OBJECTIVE:To investigate the therapeutic effects of adeno-associated virus serotype 8 (AAV8)-mediated delivery of the extracellular domain of IL-17RA (IL-17RA(ECD)) on imiquimod (IMQ)-induced psoriasiform dermatitis in mice.
METHODS:A recombinant AAV core plasmid encoding murine IL-17RA-ECD (pAAV-mIL17RA(ECD)) was generated by gene synthesis and validated for secretory expression in HEK293T cells. The recombinant AAV8 vector carrying mIL-17RA(ECD) was produced by co-transfection of pAAV-mIL17RA(ECD), helper plasmid, and AAV8 capsid plasmid. In vivo, mice were divided into four groups (Vaseline, IMQ, Luciferase+IMQ, and IL-17RA+IMQ; n = 5 per group). On day 1, mice in the treatment group received subcutaneous injections of AAV8 vector encoding luciferase or mIL-17RA(ECD). Disease progression was monitored through body weight, photography, and PASI scoring. Histopathological changes were assessed by H&E staining, and potential viral toxicity was examined in heart, liver, lung, and kidney tissues. Expression of inflammatory cytokines (TNF-α, IL-6, IL-1β,Defb4) at both mRNA and protein levels was measured by qPCR and ELISA.

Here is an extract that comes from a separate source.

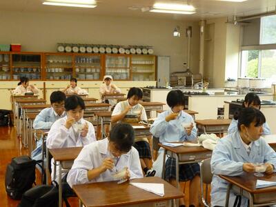 入学後初めての検定試験(きゅうり薄切り、計量)を実施しました。

RESULTS:The recombinant plasmid pAAV-mIL17RA(ECD) was successfully constructed and demonstrated efficient secretory expression. AAV8-mediated mIL-17RA(ECD) expression significantly alleviated IMQ-induced psoriasiform dermatitis (P < 0.05) and markedly suppressed the upregulation of inflammatory cytokines in skin and serum at both transcriptional and protein levels (P < 0.05).
CONCLUSION:AAV8-mediated IL-17RA(ECD) gene delivery effectively blocks cutaneous inflammation and attenuates inflammatory cytokines overexpression in an IMQ-induced mouse model of psoriasis, highlighting its therapeutic potential for chronic inflammatory skin diseases.